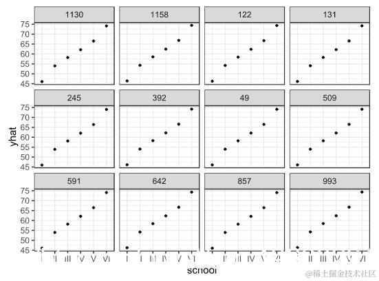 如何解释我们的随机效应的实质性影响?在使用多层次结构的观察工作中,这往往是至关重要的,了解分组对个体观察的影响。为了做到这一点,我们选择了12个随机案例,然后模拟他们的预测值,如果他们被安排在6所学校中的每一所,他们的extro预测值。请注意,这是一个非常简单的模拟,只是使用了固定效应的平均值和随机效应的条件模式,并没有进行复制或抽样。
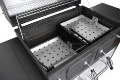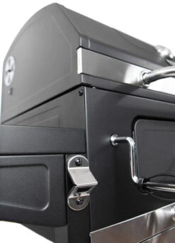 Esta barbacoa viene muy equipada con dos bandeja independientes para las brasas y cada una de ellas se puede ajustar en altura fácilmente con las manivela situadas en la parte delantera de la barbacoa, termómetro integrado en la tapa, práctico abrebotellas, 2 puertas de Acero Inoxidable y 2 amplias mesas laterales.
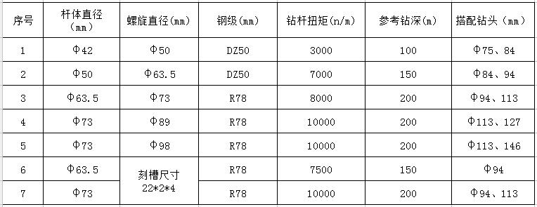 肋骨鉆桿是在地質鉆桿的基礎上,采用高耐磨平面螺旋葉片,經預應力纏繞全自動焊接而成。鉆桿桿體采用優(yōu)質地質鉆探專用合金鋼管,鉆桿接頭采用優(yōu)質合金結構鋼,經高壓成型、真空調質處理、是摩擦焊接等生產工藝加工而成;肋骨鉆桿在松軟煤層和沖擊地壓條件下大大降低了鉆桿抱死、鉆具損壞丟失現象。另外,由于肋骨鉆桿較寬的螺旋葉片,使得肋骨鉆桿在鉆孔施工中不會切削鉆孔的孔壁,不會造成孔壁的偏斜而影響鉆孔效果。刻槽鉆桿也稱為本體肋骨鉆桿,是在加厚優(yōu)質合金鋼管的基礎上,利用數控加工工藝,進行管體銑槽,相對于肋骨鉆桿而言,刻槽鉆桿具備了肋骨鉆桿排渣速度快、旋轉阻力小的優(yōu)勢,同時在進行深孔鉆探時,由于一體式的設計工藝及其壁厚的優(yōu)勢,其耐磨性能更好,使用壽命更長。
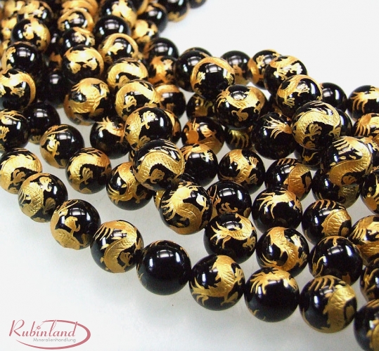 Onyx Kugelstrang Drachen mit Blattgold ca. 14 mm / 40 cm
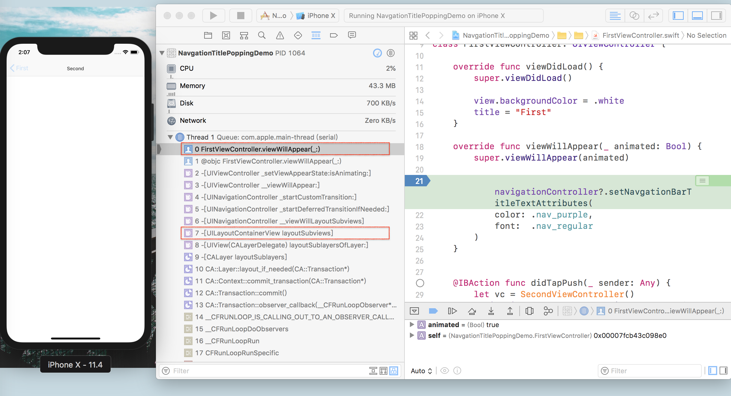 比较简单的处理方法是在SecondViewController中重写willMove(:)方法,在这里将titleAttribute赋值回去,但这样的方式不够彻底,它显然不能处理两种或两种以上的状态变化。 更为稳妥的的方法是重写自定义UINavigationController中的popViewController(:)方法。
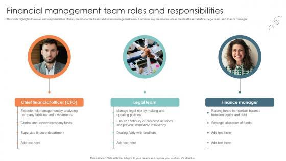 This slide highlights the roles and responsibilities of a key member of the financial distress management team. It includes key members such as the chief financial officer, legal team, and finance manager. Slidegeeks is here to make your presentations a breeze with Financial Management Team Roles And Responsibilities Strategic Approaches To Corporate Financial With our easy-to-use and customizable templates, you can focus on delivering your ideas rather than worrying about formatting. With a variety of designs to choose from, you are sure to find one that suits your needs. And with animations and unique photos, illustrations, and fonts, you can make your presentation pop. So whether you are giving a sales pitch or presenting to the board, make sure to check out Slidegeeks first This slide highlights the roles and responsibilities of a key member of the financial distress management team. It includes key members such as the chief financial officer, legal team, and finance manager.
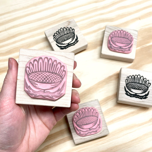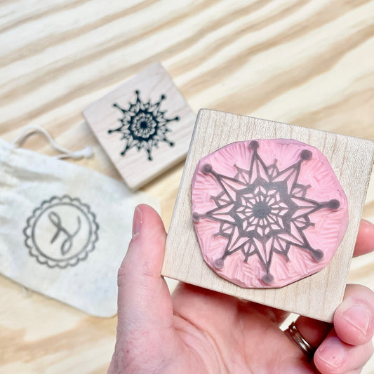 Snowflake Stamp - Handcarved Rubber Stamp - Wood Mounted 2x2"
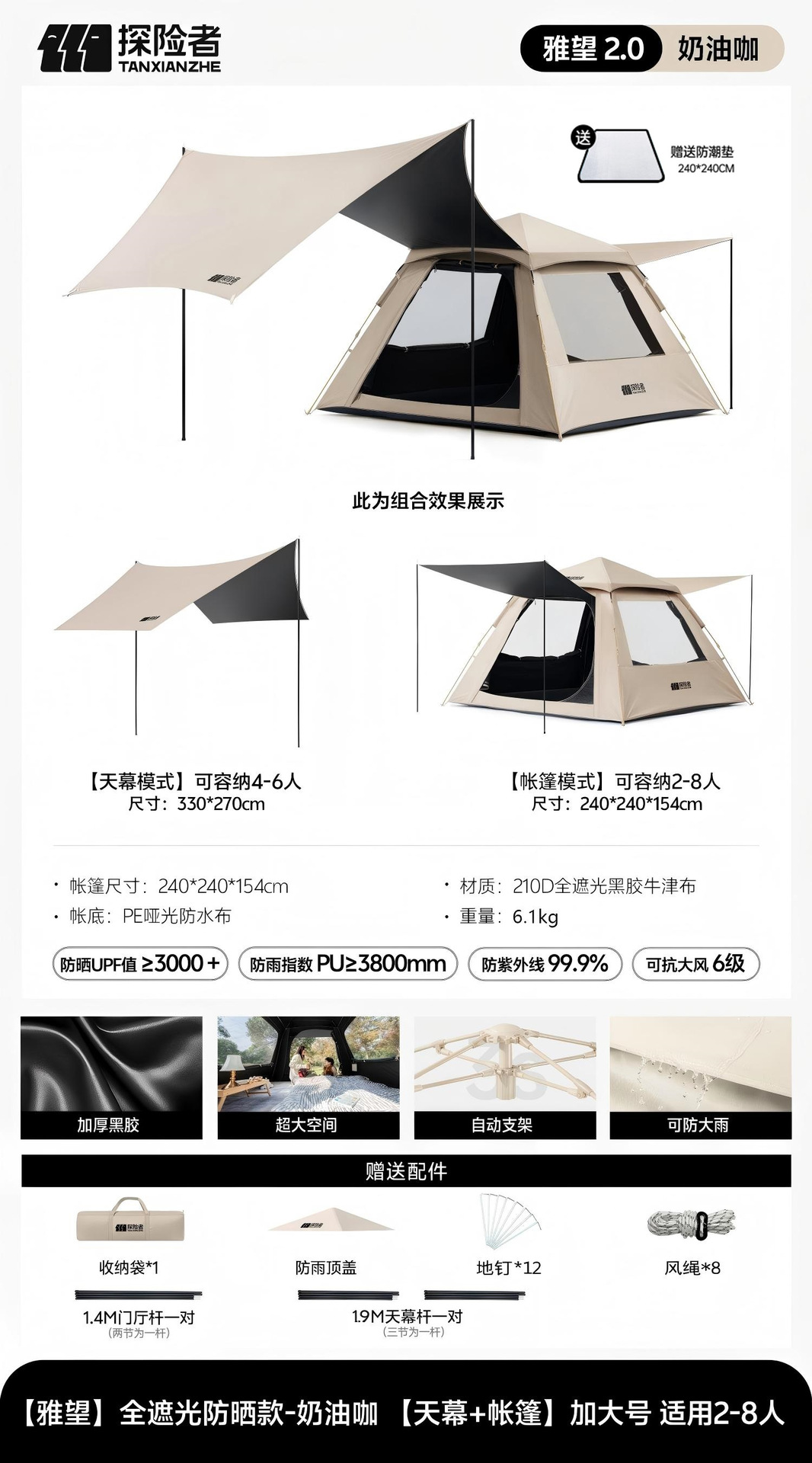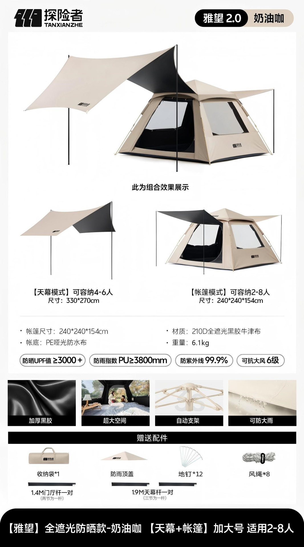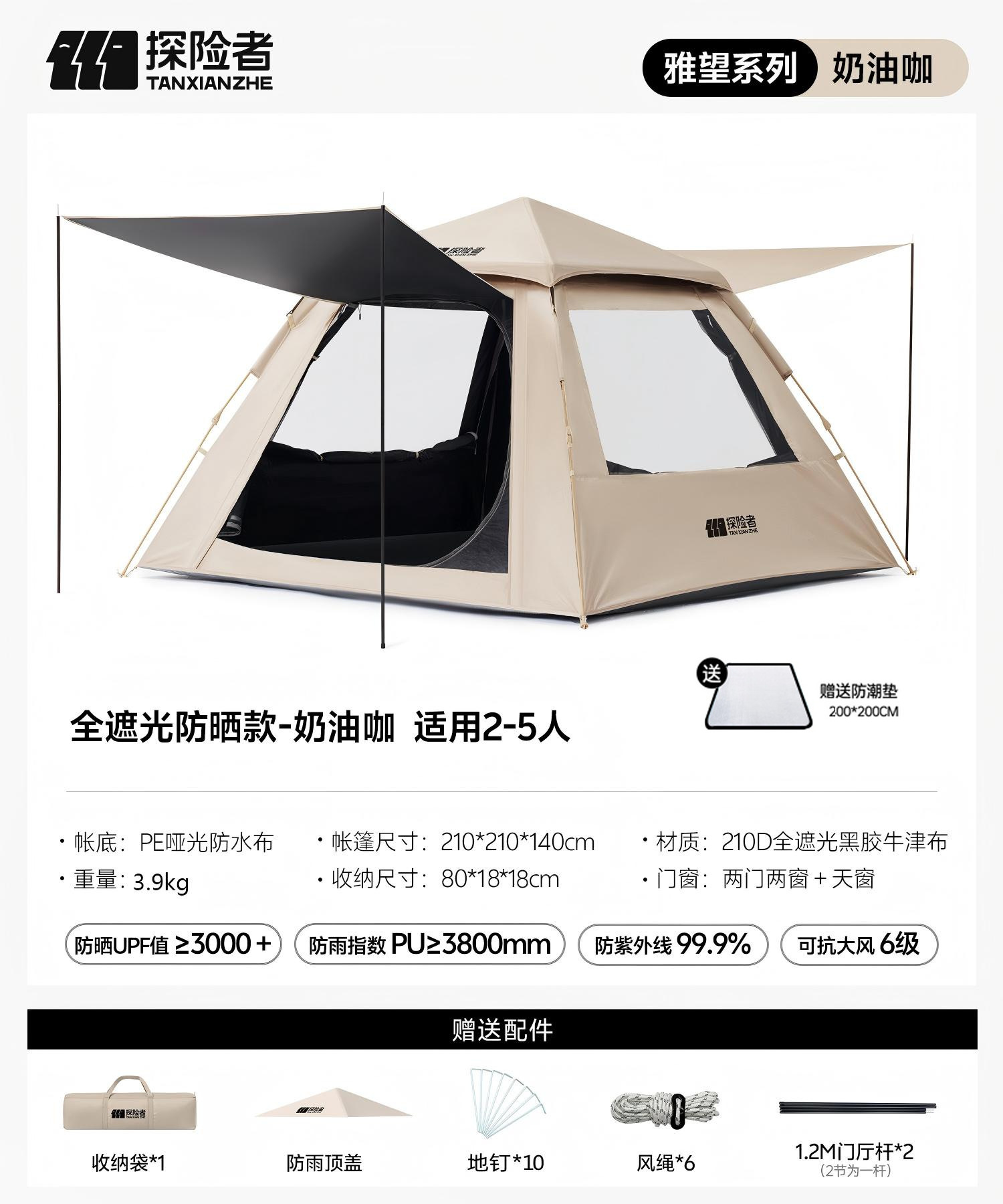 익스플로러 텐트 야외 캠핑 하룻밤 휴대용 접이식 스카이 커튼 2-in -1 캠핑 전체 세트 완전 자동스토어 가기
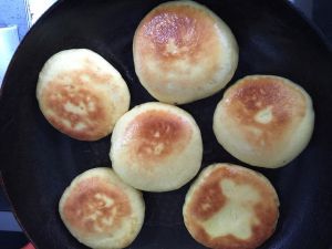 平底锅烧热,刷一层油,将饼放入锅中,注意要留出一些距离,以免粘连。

> _TASK GOAL_: With images left out, the data must be transcribed exactly.

> _ANSWER BOX_:
 如何解释我们的随机效应的实质性影响?在使用多层次结构的观察工作中,这往往是至关重要的,了解分组对个体观察的影响。为了做到这一点,我们选择了12个随机案例,然后模拟他们的预测值,如果他们被安排在6所学校中的每一所,他们的extro预测值。请注意,这是一个非常简单的模拟,只是使用了固定效应的平均值和随机效应的条件模式,并没有进行复制或抽样。
 Esta barbacoa viene muy equipada con dos bandeja independientes para las brasas y cada una de ellas se puede ajustar en altura fácilmente con las manivela situadas en la parte delantera de la barbacoa, termómetro integrado en la tapa, práctico abrebotellas, 2 puertas de Acero Inoxidable y 2 amplias mesas laterales.
 肋骨鉆桿是在地質鉆桿的基礎上,采用高耐磨平面螺旋葉片,經預應力纏繞全自動焊接而成。鉆桿桿體采用優(yōu)質地質鉆探專用合金鋼管,鉆桿接頭采用優(yōu)質合金結構鋼,經高壓成型、真空調質處理、是摩擦焊接等生產工藝加工而成;肋骨鉆桿在松軟煤層和沖擊地壓條件下大大降低了鉆桿抱死、鉆具損壞丟失現象。另外,由于肋骨鉆桿較寬的螺旋葉片,使得肋骨鉆桿在鉆孔施工中不會切削鉆孔的孔壁,不會造成孔壁的偏斜而影響鉆孔效果。刻槽鉆桿也稱為本體肋骨鉆桿,是在加厚優(yōu)質合金鋼管的基礎上,利用數控加工工藝,進行管體銑槽,相對于肋骨鉆桿而言,刻槽鉆桿具備了肋骨鉆桿排渣速度快、旋轉阻力小的優(yōu)勢,同時在進行深孔鉆探時,由于一體式的設計工藝及其壁厚的優(yōu)勢,其耐磨性能更好,使用壽命更長。
 Onyx Kugelstrang Drachen mit Blattgold ca. 14 mm / 40 cm
 比较简单的处理方法是在SecondViewController中重写willMove(:)方法,在这里将titleAttribute赋值回去,但这样的方式不够彻底,它显然不能处理两种或两种以上的状态变化。 更为稳妥的的方法是重写自定义UINavigationController中的popViewController(:)方法。
 This slide highlights the roles and responsibilities of a key member of the financial distress management team. It includes key members such as the chief financial officer, legal team, and finance manager. Slidegeeks is here to make your presentations a breeze with Financial Management Team Roles And Responsibilities Strategic Approaches To Corporate Financial With our easy-to-use and customizable templates, you can focus on delivering your ideas rather than worrying about formatting. With a variety of designs to choose from, you are sure to find one that suits your needs. And with animations and unique photos, illustrations, and fonts, you can make your presentation pop. So whether you are giving a sales pitch or presenting to the board, make sure to check out Slidegeeks first This slide highlights the roles and responsibilities of a key member of the financial distress management team. It includes key members such as the chief financial officer, legal team, and finance manager.
 Snowflake Stamp - Handcarved Rubber Stamp - Wood Mounted 2x2"
 익스플로러 텐트 야외 캠핑 하룻밤 휴대용 접이식 스카이 커튼 2-in -1 캠핑 전체 세트 완전 자동스토어 가기
 平底锅烧热,刷一层油,将饼放入锅中,注意要留出一些距离,以免粘连。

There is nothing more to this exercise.